Jul 232017 27 Responses

No, He Probably Won’t Beat Cancer

Last week, Senator John McCain made the announcement that he had Glioblastoma, a form of brain cancer. While some on social media took the moment to carelessly attack the Senator, most broke from the partisan divide and sent encouraging messages to and about this American war hero.

I deeply appreciate moments like these when we push aside differences and celebrate our shared humanity. It’s good to remember that while we disagree, we are on the same side. However, there was one aspect of all the positive tweets which I found disturbing. Many framed McCain’s diagnosis as a battle he would win. “Cancer doesn’t know what it’s up against,” President Obama said. “Cancer picked on the wrong guy,” Vice President Pence wrote.

They are encouraging, well-intended words. But there’s only one problem. People generally don’t survive glioblastoma. Through the years, I’ve had several friends, church members, and even a family member have glioblastoma. The circumstances differed in each situation, but they all share one thing in common–I did the funeral for each person. Some cancers can be cured. Some can’t. Except for rare cases, glioblastoma currently falls in the latter category. Maybe one day it won’t, but it presently does.

John McCain isn’t going to beat this cancer. He might have a productive treatment. He may live longer than most. But unless something else takes him, he will likely die from the cancer he has been diagnosed with.

So why the denial?

Why do we struggle to admit what we all know to be true?
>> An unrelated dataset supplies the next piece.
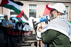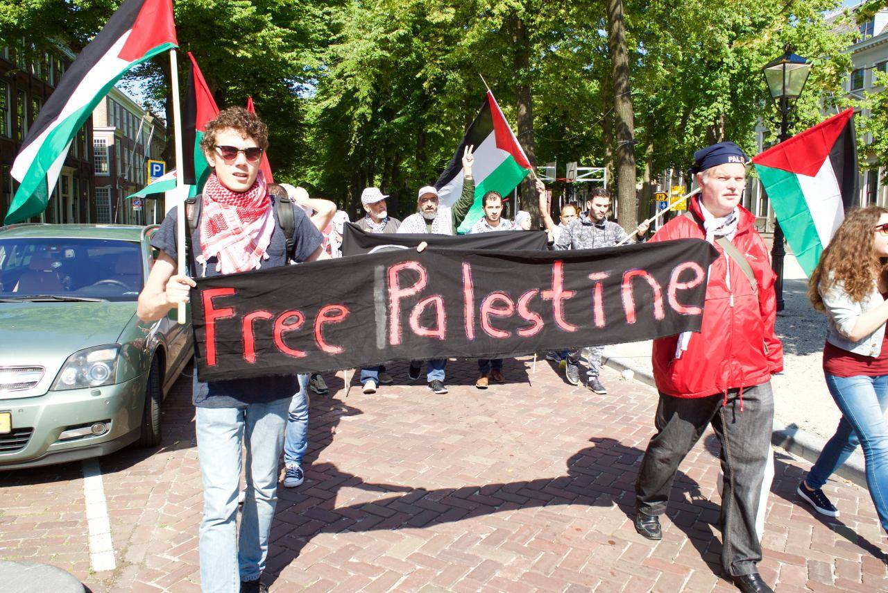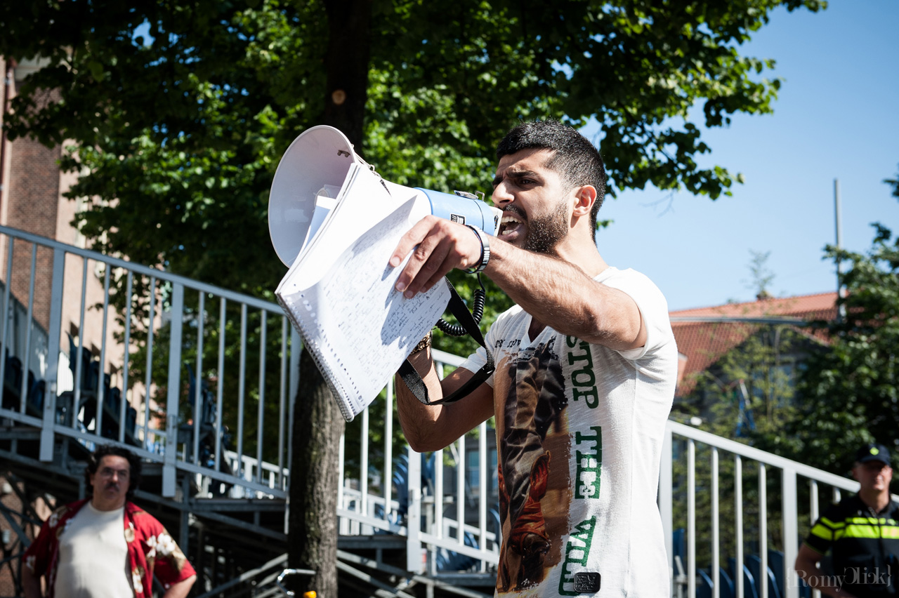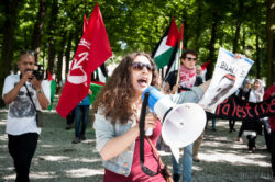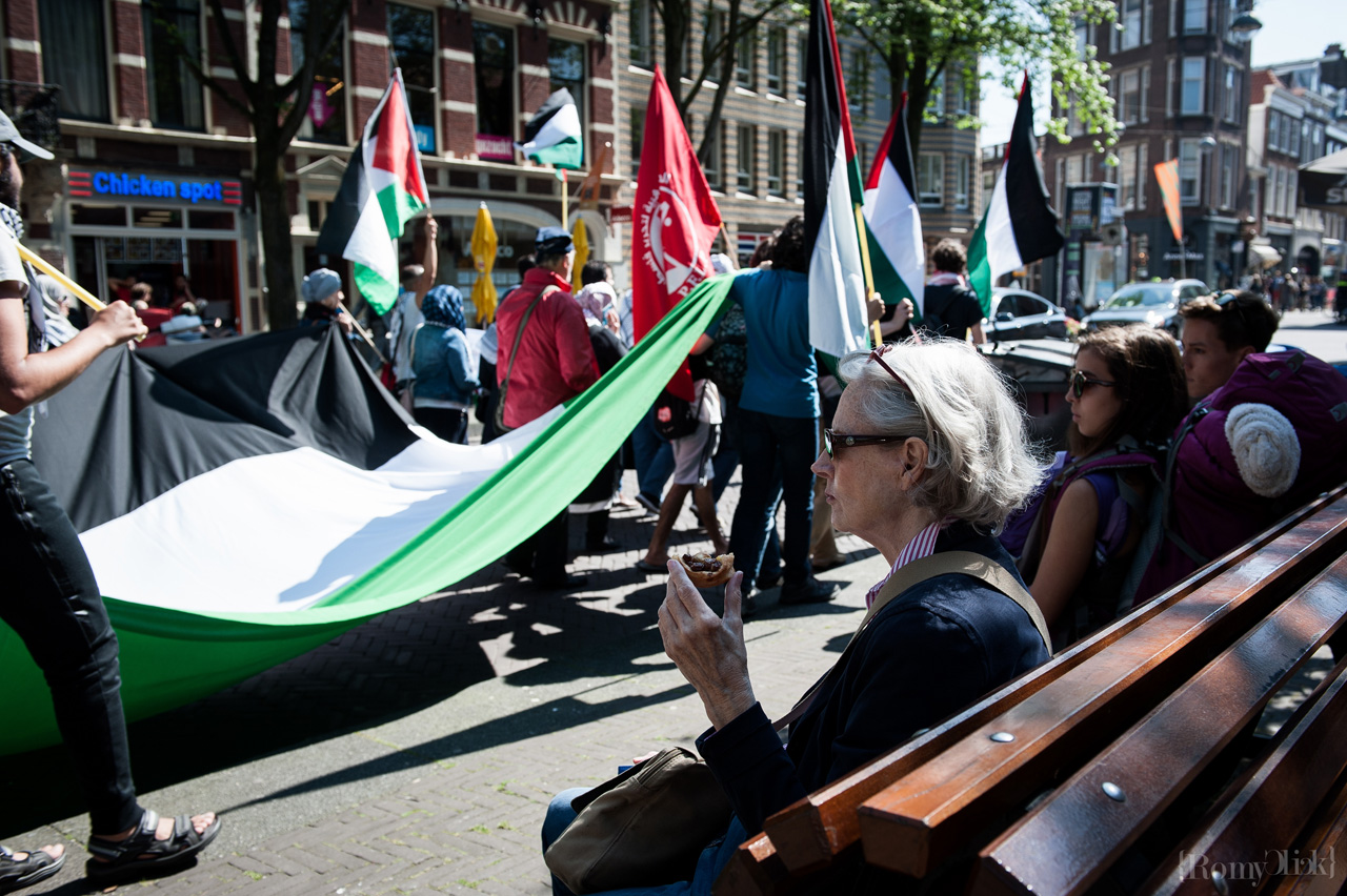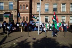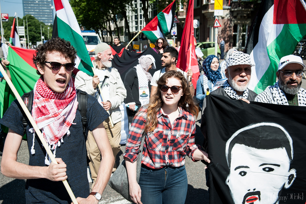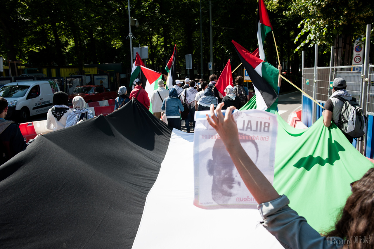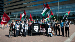 Along the route from the Central Station to the Drees-monument, chants were shouted such as ‘free, free Bilal Kayed’ and ‘geen AOW voor kolonisten’ (‘no state pension for settlers’). Flyers were distributed to bystanders and the message of the protest was spread. Some bystanders spontaneously joined the protest.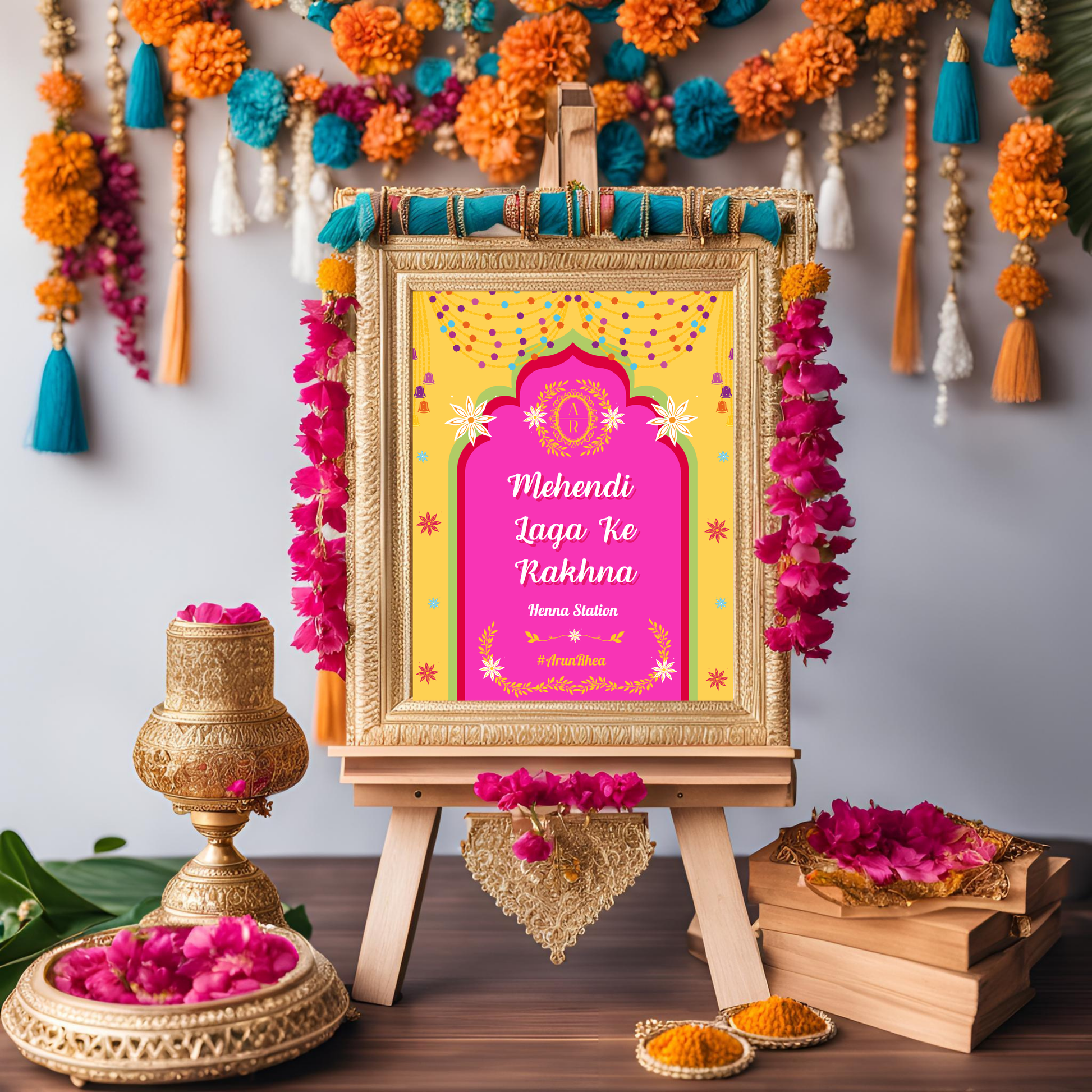 - Bollywood-Inspired Festive Design – Featuring vibrant colors and elegant traditional motifs, this Mehndi signagecaptures the excitement and joy of a wedding celebration.

Why do we feel better framing cancer as a fight to be won even when we know the patient’s outcome has little to do with their effort?

False Hope Is Not Hope

When my father-in-law was diagnosed with glioblastoma, he sought a few opinions. Everyone was in agreement. No treatment would be given. The disease was well-progressed, aggressive, and he had a greater desire to have a quality of life than a quantity of days.  The day he was to be released from the hospital, an oncologist was doing her rounds. She entered to room and painted a far brighter picture than any previous doctor. My wife and I were confused. We remained silent but followed the doctor out of the room to follow up. I told her what the other doctors had said and quizzed her as to why she gave a different outcome.

“I just can’t leave someone without hope,” she said. The doctor’s words were fascinating, “I just can’t.” As though her words and diagnosis were about her. She spoke to my father-in-law, not in a way best for him, but in a way that made her feel most comfortable. She gave a false sense of hope in order to make herself feel better.

Her actions are a common pattern for us when it comes to illness. Instead of doing what is best for the patient or family, we do what is best for us:

  • “He’ll beat this, I know it.”
  • “You have nothing to worry about, I’m sure of it.”
  • “God told me, she’ll be fine.”

These aren’t words of hope; they are words of denial. These aren’t actions of encouragement; they are statements of distraction. When a person uses these statements, they are often showing their inability to deal with pain, suffering, uncertainty, and doubt. They are avoiding uncomfortable conversations by pretending like everything is okay.

While that might be good for us, it’s not necessarily what’s best for the patient or their family. This isn’t to say they have to be hammered with the worst. “You’re going to die,” is only appropriate in specific situations and with the softest of approaches. We don’t have to say the worst, but we should refrain from lying to people just because the truth makes us uncomfortable.

John McCain is a fighter, but his diagnosis is not a new battle. His cancer isn’t a fight. It’s a diagnosis which he will have to learn to live with. It’s a disease which his doctors will treat and hopefully can keep at bay to give McCain as much quality of life as possible.

It’s possible to tell McCain that we love him, without lying to him. We can encourage him without giving false hope. We can offer our support while recognizing the reality of his disease.